:: RECORD SET

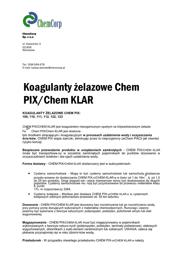 ChemCorp Sp. z o.o ul. Ksawerów 3 02-656 Warszawa Tel.: 508-549-478 E-mail: [email protected] Koagulanty żelazowe Chem PIX/Chem KLAR KOAGULANTY ŻELAZOWE CHEM PIX: 100, 110, 111, 112, 122, 123 CHEM PIX/CHEM KLAR jest koagulantem nieorganicznym opartym na trójwartościowym żelazie Fe 3+ . Chem PIX/Chem KLAR jest doskonałym środkiem strącającym i koagulacyjnym w procesach uzdatniania wody i oczyszczania ście-ków. CHEM PIX wiąże siarczki, eliminując przez to nieprzyjemny zaChem PACh jak również ryzyko korozji. Bezpieczne przewożenie produktu w urządzeniach zamkniętych - CHEM PIX/CHEM KLAR może być transportowa-ny w szczelnie zamkniętych pojemnikach do punktów dozowania w oczyszczalniach ścieków i sta-cjach uzdatniania wody. Forma dostawy - CHEM PIX/CHEM KLAR dostarczany jest w autocysternach. Cysterny samochodowe - Mogą to być cysterny samochodowe lub samochody dostawcze 3 przysto-sowane do dostarczania CHEM PIX-u/CHEM KLAR-a w ilości od 1 do 16m , tj. od 1,5 do 25 ton produktu. Drogi dojazdo-we i place manewrowe winny być dostosowane do długich pojazdów. Cysterny samochodowe mu -szą być przystosowane do przewozu materiałów klasy 8, punkt 17c, nr rozpoznawczy 3264. Cysterny kolejowe - Możliwa jest dostawa CHEM PIX-u/CHEM KLAR-a w cysternach kolejowych zdolnych jednorazowo przewieźć ok. 55 ton ładunku. Dozowanie - CHEM PIX/CHEM KLAR jest dozowany bez rozcieńczania lub po rozcieńczeniu wodą przy pomocy pomp dozujących wykonanych z materiałów chemoodpornych. Rurociagi i zawory powinny być wykonane z tworzyw sztucznych: polipropylen, polietylen, polichlorek winylu lub stali wygumowanej. Magazynowanie - CHEM PIX/CHEM KLAR musi być magazynowany w pojemnikach wykonywanych z tworzyw sztucz-nych (polipropylen, polietylen, laminaty poliestrowe), stalowych wygumowanych, zbiornikach z wyło-żeniem ceramicznym lub szklanych. UWAGA: zaleca się płukanie przynajmniej raz w roku zbiorni-ków wodą. Przeładunek - W przypadku otwartego przeładunku CHEM PIX-u/CHEM KLAR-a należy stosować sprzęt ochronny skóry i oczu. Środki ostrożności - CHEM PIX/CHEM KLAR jest środkiem lekko żrącym. Należy zapobiegać jego kontaktom ze skórą. W przypadku takiego kontaktu nalezy zmyć skórę obficie wodą. Zbiorniki magazynowe powinny być oznakowane. CHEM PIX/CHEM KLAR 110 jest to: Wodny roztwór chlorosiarczanu żelazowego. Wzór chemiczny: FeClSO4 Postać: ciemnobrunatny roztwór. CHEM PIX/CHEM KLAR 111, Wodne roztwory chlorku żelazowego. Wzór chemiczny: FeCl3 Postać: ciemnobrunatny roztwór. ZASTOSOWANIE Koagulant do: - Oczyszczania wody i ścieków, - Usuwania związków fosforu, - Usuwania siarkowodoru, - Zagęszczania osadów. SZCZEGÓLNE ZALETY - Produkt zawiera Fe +3 , - Nie jest wymagane utlenianie Fe +2 u użytkownika, - Bardzo niska zawartość metali ciężkich, - Wysoka skuteczność koagulacji w szerokim zakresie pH, - Łatwe i dokładne dozowanie. USŁUGI - Fachowe doradztwo i pomoc przy stosowaniu naszego produktu, - Przeprowadzenie prób testowych w skali laboratoryjnej i technicznej, - Pomoc w rozwiązywaniu problemów dotyczących oczyszczania ścieków i uzdatniania wody, - Kompletacja dostaw i sprzętu do dozowania CHEM PIX-u, - Zapewnienie transportu CHEM PIX-u do klienta. ChemCorp Sp. z o.o ul. Ksawerów 3 02-656 Warszawa Tel.: 508-549- 478 E-mail: [email protected] Koagulanty glinowe CHEM PAX/CHEM PAC KOAGULANTY GLINOWE CHEM PAX/CHEM PAC: 16, 18, 25, XL1, XL3, XL9, XL10, XL 19, XL 19 F, XL1905, XL60, XL61, XL69, 1881-25-2 3+ CHEM PAX/CHEM PAC jest koagulantem nieorganicznym opartym na trójwartościowym glinie Al . CHEM PAX/CHEM PAC jest doskonałym środkiem strącającym i koagulacyjnym w procesach uzdatniania wody pitnej i oczyszczania ście-ków komunalnych i przemysłowych. Bezpieczne przewożenie produktu w urządzeniach zamkniętych - CHEM PAX/CHEM PAC może być transportowany w szczelnie zamkniętych pojemnikach do punktów dozowania w oczyszczalniach ścieków i stacjach uzdatniania wody. Forma dostawy - CHEM PAX/CHEM PAC dostarczany jest w autocysternie. Cysterny samochodowe - Mogą to być cysterny samochodowe lub samochody dostawcze przystoso3 wane do dostarczania CHEM PAX-u/CHEM PAC-u w ilości od 1 do 16m , tj. od 1,5 do 25 ton produktu. Drogi dojazdowe i place manewrowe winny być dostosowane do długich pojazdów. Cysterny samochodowe muszą być przystosowane do przewozu materiałów klasy 8, punkt 5c, nr rozpoznawczy 2581. Cysterny kolejowe - Możliwa jest dostawa CHEM PAX-u/CHEM PAC-u w cysternach kolejowych zdolnych jednorazowo przewieźć ok. 55 ton ładunku. Dozowanie - CHEM PAX/CHEM PAC jest dozowany bez rozcieńczania lub po rozcieńczeniu wodą przy pomocy pomp dozujących wykonanych z materiałów chemoodpornych. Rurociagi i zawory powinny być wykonane z tworzyw sztucznych: polipropylen, polietylen, polichlorek winylu lub stali wygumowanej. Magazynowanie - CHEM PAX/CHEM PAC musi być magazynowany w pojemnikach wykonywanych z tworzyw sztucz-nych (polipropylen, polietylen, laminaty poliestrowe), stalowych wygumowanych, zbiornikach z wyło-żeniem ceramicznym lub szklanych. UWAGA: zaleca się płukanie przynajmniej raz w roku zbiorników wodą. Przeładunek - W przypadku otwartego przeładunku CHEM PAX-u/CHEM PAC-u należy stosować sprzęt ochronny skóry i oczu. Środki ostrożności - CHEM PAX/CHEM PAC jest środkiem lekko żrącym. Należy zapobiegać jego kontaktom ze skórą. W przypadku takiego kontaktu należy zmyć skórę obficie wodą. Zbiorniki magazynowe powinny być oznakowane. KOAGULANTY CHEM PAX/CHEM PAC 16, 18 są to: Wodne roztwory chlorku poliglinu. KOAGULANTY CHEM PAX/CHEM PAC XL1, XL9, XL19F, XL60, XL61, XL69 są to: Wodne roztwory chlorku poliglinu modyfikowane, zawierające między innymi jony Si, Na, Ca, Mg itp. Barwa: od bezbarwnej po jasnożółtą. KOAGULANTY CHEM PAX 25 są to: Wodne roztwory chlorku żelazochlorku poliglinu, zawierające między innymi jony Fe i SO4 Barwa: jasnobrąz
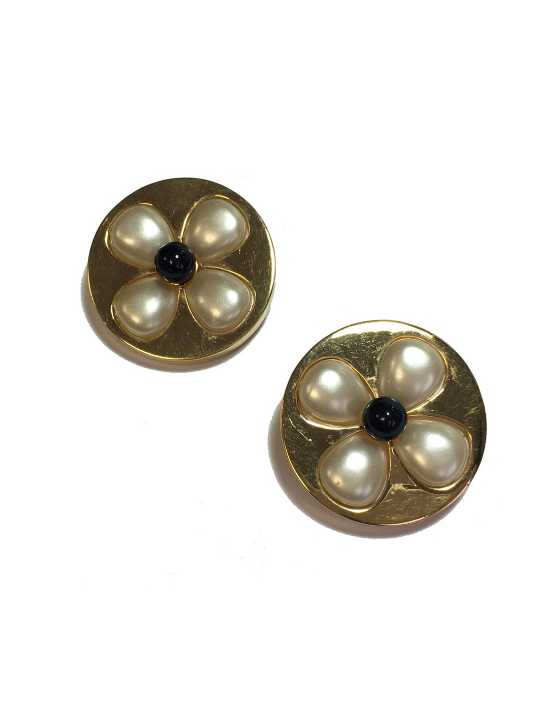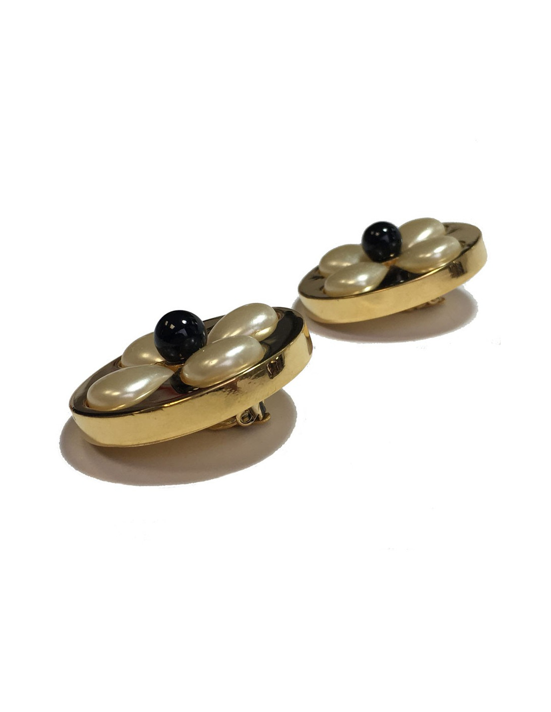 Couture! vintage CHANEL clip-on earrings in gilded metal, pearls in the shape of pearly petals and black pearl in the center. Letter S engraved. It comes from press sales. Dimensions: diameter of clip-on earring : 4,5 cm Will be delivered in a Valois Vintage Paris Dustbag
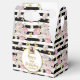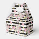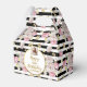 Un ballotin super mignon avec photo et texte personnalisé entouré d'un accent or et placé contre un arrière - plan rayé noir et blanc accentué de papillons dorés, roses roses et marguerites blanches. Parfait pour tout âge anniversaire, mariage ou baby shower, mariage, retraite, anniversaire, diplôme et plus.
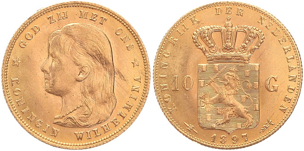 10 Gulden 1897 mmt. hellebaard Sch. 742 Prachtig / FDC
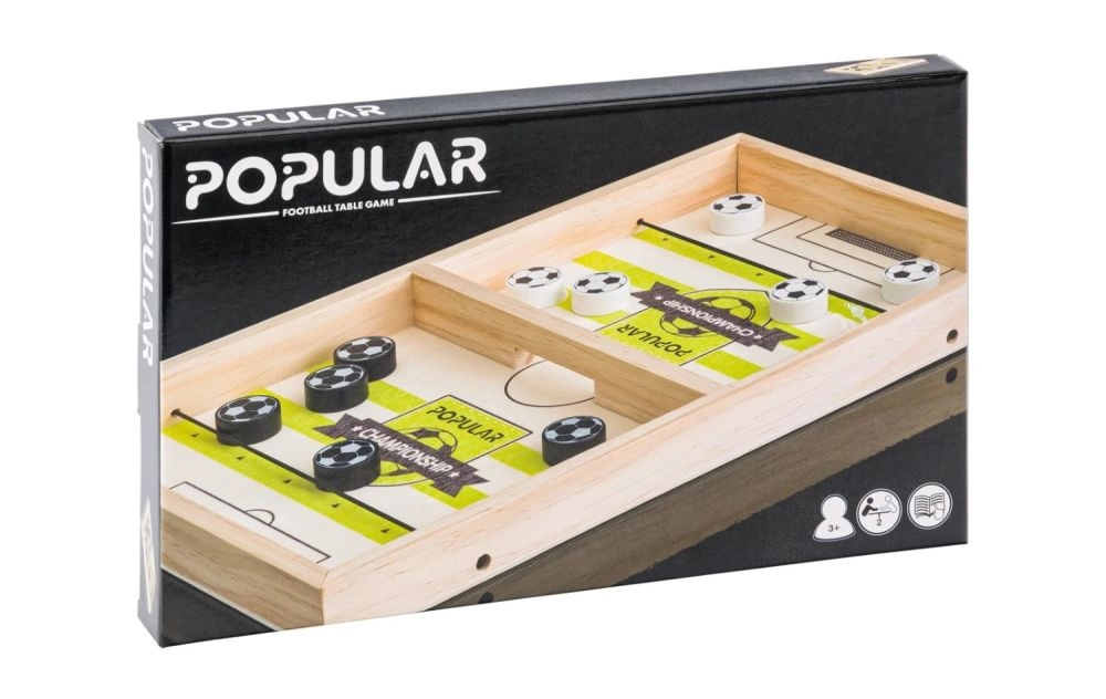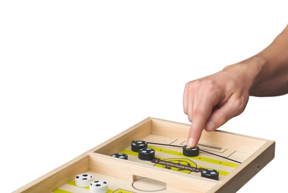 Nauti pingelist tegevust selle lauajalgpallimänguga, kus loevad kiirus ja täpsus. Eesmärk on tulistada oma žetoonid läbi ava puidust vaheseinas vastase poolele enne, kui tema seda teeb. Ideaalne kiireteks perelahinguteks ja reaktsiooni treenimiseks. Sobib lastele alates 3. eluaastast.
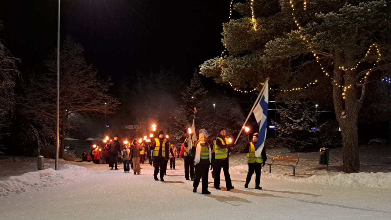 Perinteikäs ja juhlallinen soihtukulkue itsenäisen Suomen kunniaksi Ryttylän koululta kirkolle.

::::

* _DIRECTIONS_: Each line from the one containing "Un ballotin super" through the last line of the listing must be copied exactly, and the pictures must not be.

* _RESPONSE TO THE TASK_:
 Un ballotin super mignon avec photo et texte personnalisé entouré d'un accent or et placé contre un arrière - plan rayé noir et blanc accentué de papillons dorés, roses roses et marguerites blanches. Parfait pour tout âge anniversaire, mariage ou baby shower, mariage, retraite, anniversaire, diplôme et plus.
 10 Gulden 1897 mmt. hellebaard Sch. 742 Prachtig / FDC
 Nauti pingelist tegevust selle lauajalgpallimänguga, kus loevad kiirus ja täpsus. Eesmärk on tulistada oma žetoonid läbi ava puidust vaheseinas vastase poolele enne, kui tema seda teeb. Ideaalne kiireteks perelahinguteks ja reaktsiooni treenimiseks. Sobib lastele alates 3. eluaastast.
 Perinteikäs ja juhlallinen soihtukulkue itsenäisen Suomen kunniaksi Ryttylän koululta kirkolle.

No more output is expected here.